• **Your goal**
As written and without pictures, set down the lines from the one that contains "Bizenta Mogel Liburutegia" through the end of the data.

• **Given data**
____

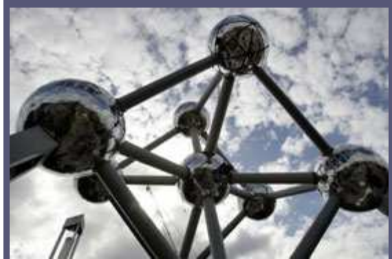
在 1958 年比利时世界博览会上展出由沃特金(Andre Waterkeyn)设计的原子球。其结构为放大 1650 亿倍的铁晶体。这座已有 48 年历史的标志性建筑最近进行了全面的修复。这次世博会是二次世界大战后的第一次，为美国与苏联之间的文化冷战拉开了序幕。

除了冷战时期的文化竞争外，这次世界博览会的特点在于种类繁多的科学产品，包括有声百科全书、电子字典、经过巴氏消毒法处理的奶酪、可在数秒钟内传输数百万字符的磁带以及可以在 15 分钟内检索一千张支票的邮政机器。最令游客印象深刻的是为了宣传本国经济发展而主办这次世博会的比利时展出的标志性展品：这是一个原子球状的巨型未来派建筑，它强调了原子时代的积极方面；此外还有其巧克力，在 58 世博会期间，比利时每天生产的巧克力达五吨。
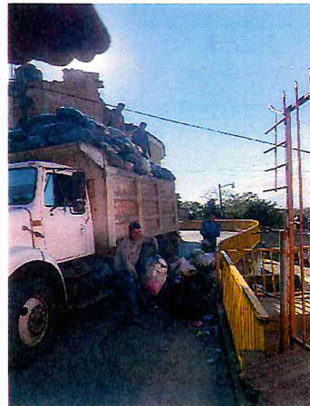
APOYO CON VOLTEO PARA REC. BASURA
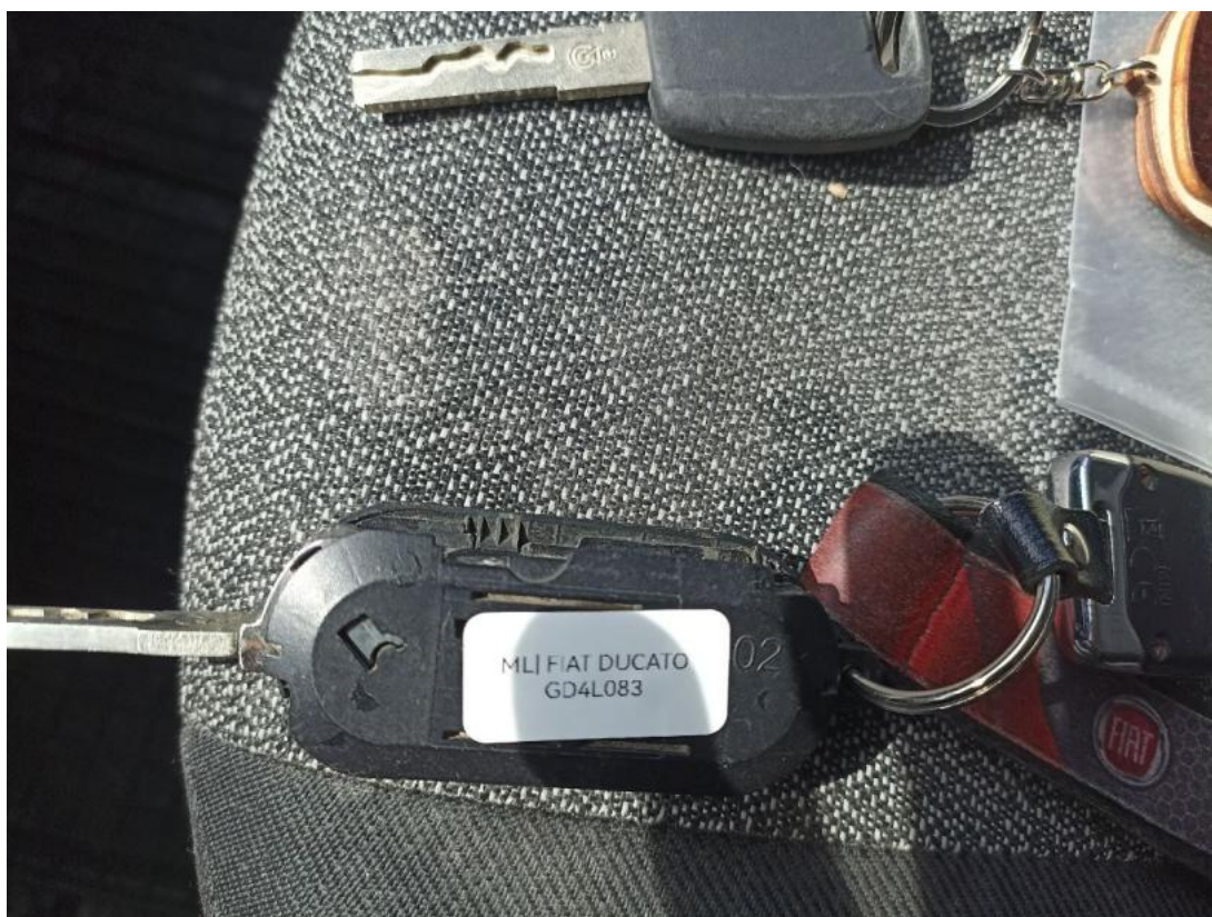
Fot. 29 Zdjęcie do protokołu
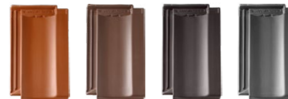
miedziany brązowy antracytowy łupkowy
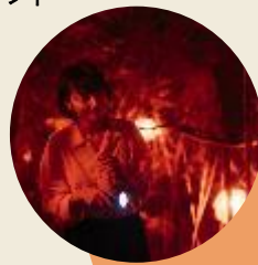
光と映像のナイトアドベンチャー ※参考事例：長崎・伊王島
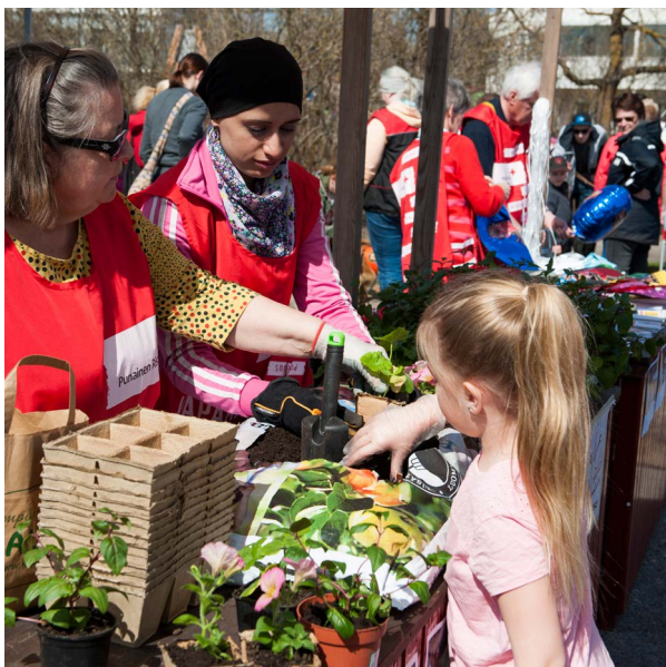
Tässä Punaisen Ristin kojussa 1. toukokuuta -jipossa lapset saivat ilmaiseksi istuttaa kasvin ja viedä sen kotiinsa

Toivottavasti Mäku-ryhmä jaksaa aktivoitua uudelleen syksyllä. Vapaaehtoista toimintaa tarvitaan uusien, mahdollisten pakolaisten ja turvapaikanhakijoiden saapuessa. Kaukaa, eri kulttuureista tulleiden naapuriemme kotoutuminen sujuu ehdottomasti parhaiten mielekkäässä vuorovaikutuksessa paikallisten kanssa - yhteisten harrastusten parissa.
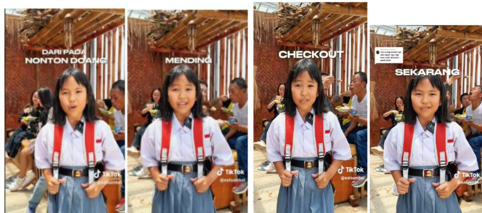
Gambar 7. Penggunaan Teknik Call To Action Pada Konten Akun TikTok @eatsambel

Teknik rima pada cuplikan diatas menggunakan teknik rima akhir ganda, dimana terdapat persamaan bunyi pada dua suku kata akhir. Kata “Sedap” dan “Mantap” pada kalimat “Tuna Asap Sedap Mantap” memiliki persamaan bunyi pada dua suku kata akhirnya. Pemilihan kata pada teknik rima yang digunakan dalam digital marketing produk @eatsambel dapat diingat konsumen bahwa sambal tuna asap milik eatsambel memiliki rasa dan aroma yang sedap dan sangat enak.
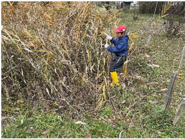
ヨシを鎌で刈っていきます

12月2日マキ/東小学校では4年生が近くの西内沼でヨシの刈取り作業を行い、水質浄化に貢献していることなども学習しました。1月にはこのヨシでよしずを作ります。
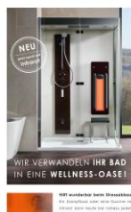
Urlaub Zuhause im eigenen Bad
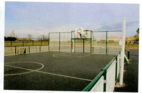
Création du City Park & du Skate Parc
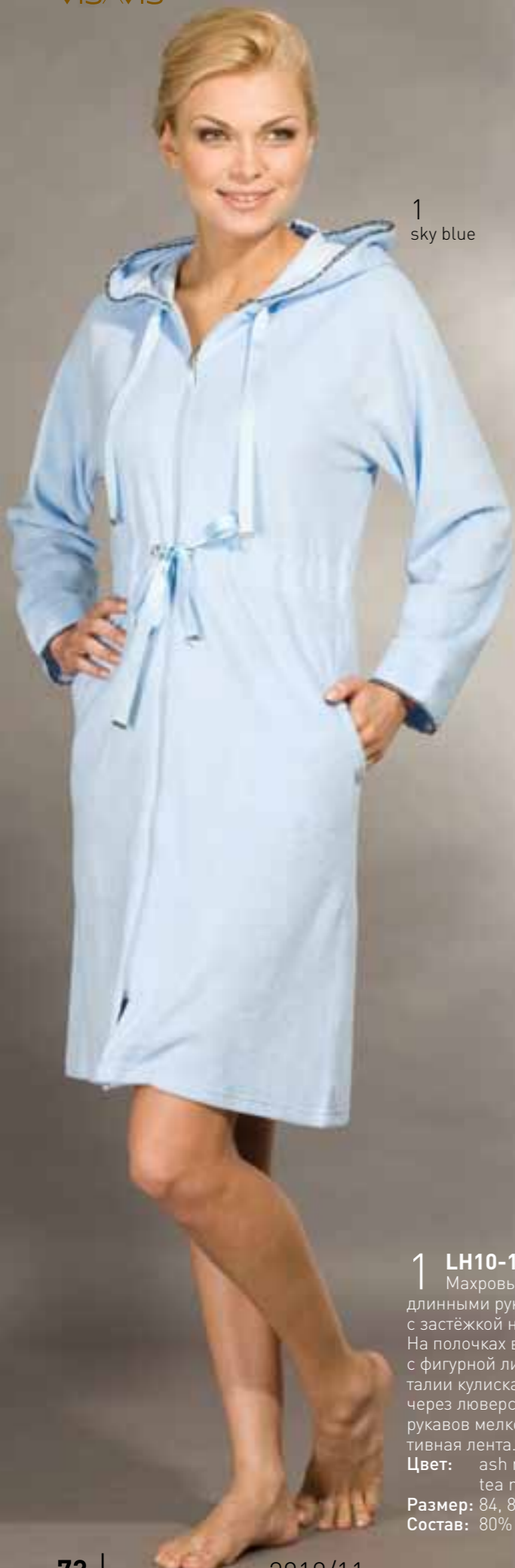
1 sky blue
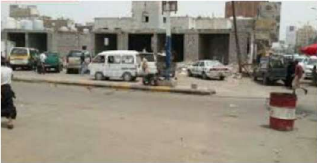
شكل (٣) شرطة الشيخ عثمان قبل السطو وبعده.
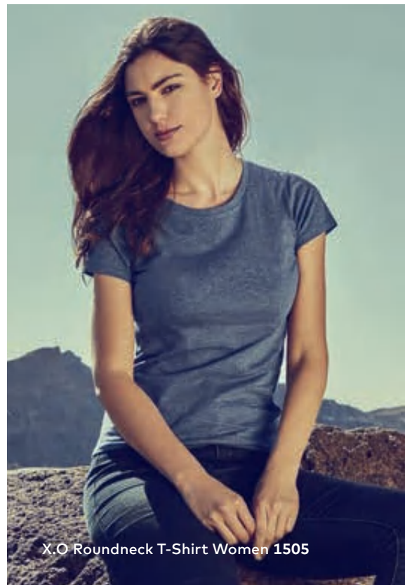
X.O Roundneck T-Shirt Women 1505

Einzigartiges Single-Jersey T-Shirt mit Self-Fabric Kragen, hergestellt aus langstapeliger gekämmter Baumwolle. Die besonders glatte Oberfläche und der weich fallende Stoff verleihen dem Shirt ein einzigartiges, elastisches und seidiges Finish. Das T-Shirt ist schmal geschnitten und mit Seitennähten gefertigt.
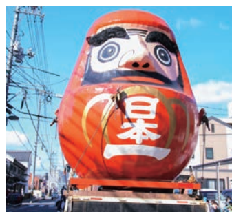
▲現在の4代目大だるま
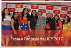
Festa à Fantasia da UCP 2017
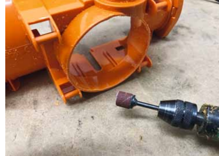
Aushöhlen der Bruder-Schleuder mit Säge- und Schleifwerkzeugen

Aber die Ernüchterung kam bald, als ich die Teile vor mir hatte. Konkret heißt das: Ein
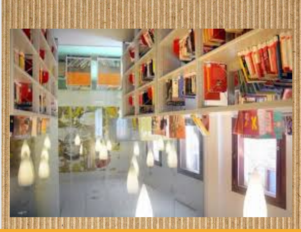
Bizenta Mogel Liburutegia
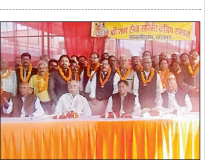
समारोह में शामिल क्षत्रिय समाज के लोग।
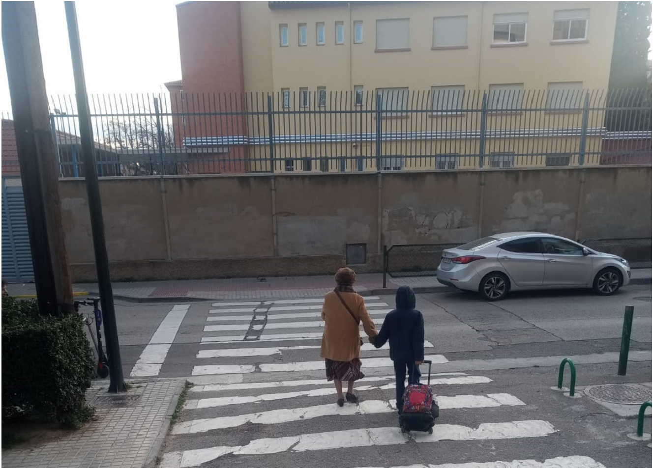
Jo le sueltas la mano. Autora: Rafaela Tirado. 3er Premio Campaña 2019-20
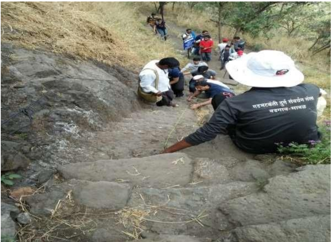
(Cleaning bond and Tanks)
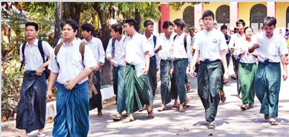
ရန်ကင်းတိုင်းဒေသကြီး ဝိုင်းတထောင်မြို့နယ် အမှတ်(၆) အခြေခံပညာအထက်တန်းကျောင်းမှ ကျောင်းသား ကျောင်းသူများကို ၂၀၁၈-၂၀၁၉ ပညာသင်နှစ် တက္ကသိုလ်ဝင်စာမေးပွဲ မြန်မာစာဖြေဆိုမှုအပြီး မတ် ၆ ရက်က တွေ့ရစဉ်။

၂၀၁၉ ခုနှစ် တက္ကသိုလ်ဝင် စာမေးပွဲ ယနေ့ မြန်မာစာဘာသာရပ် ဖြေဆိုကြသည့် ရန်ကင်းမြို့ အင်းစိန် ဗဟိုအကျဉ်းထောင်မှ အကျဉ်းသား ကျောင်းသားများကို တွေ့ရစဉ်။ (၂၀၁၉ ခုနှစ် တက္ကသိုလ်ဝင်စာမေးပွဲ တွင် ရန်ကင်းမြို့ အင်းစိန်ဗဟို အကျဉ်းထောင်မှ အကျဉ်းသား ကျောင်းသား ကျောင်းသူ ၇၃ ဦး ဝင်ရောက်ဖြေဆိုလျက်ရှိကြောင်း သိရသည်။)

____

• **Answer box**
Bizenta Mogel Liburutegia
समारोह में शामिल क्षत्रिय समाज के लोग।
Jo le sueltas la mano. Autora: Rafaela Tirado. 3er Premio Campaña 2019-20
(Cleaning bond and Tanks)
ရန်ကင်းတိုင်းဒေသကြီး ဝိုင်းတထောင်မြို့နယ် အမှတ်(၆) အခြေခံပညာအထက်တန်းကျောင်းမှ ကျောင်းသား ကျောင်းသူများကို ၂၀၁၈-၂၀၁၉ ပညာသင်နှစ် တက္ကသိုလ်ဝင်စာမေးပွဲ မြန်မာစာဖြေဆိုမှုအပြီး မတ် ၆ ရက်က တွေ့ရစဉ်။

၂၀၁၉ ခုနှစ် တက္ကသိုလ်ဝင် စာမေးပွဲ ယနေ့ မြန်မာစာဘာသာရပ် ဖြေဆိုကြသည့် ရန်ကင်းမြို့ အင်းစိန် ဗဟိုအကျဉ်းထောင်မှ အကျဉ်းသား ကျောင်းသားများကို တွေ့ရစဉ်။ (၂၀၁၉ ခုနှစ် တက္ကသိုလ်ဝင်စာမေးပွဲ တွင် ရန်ကင်းမြို့ အင်းစိန်ဗဟို အကျဉ်းထောင်မှ အကျဉ်းသား ကျောင်းသား ကျောင်းသူ ၇၃ ဦး ဝင်ရောက်ဖြေဆိုလျက်ရှိကြောင်း သိရသည်။)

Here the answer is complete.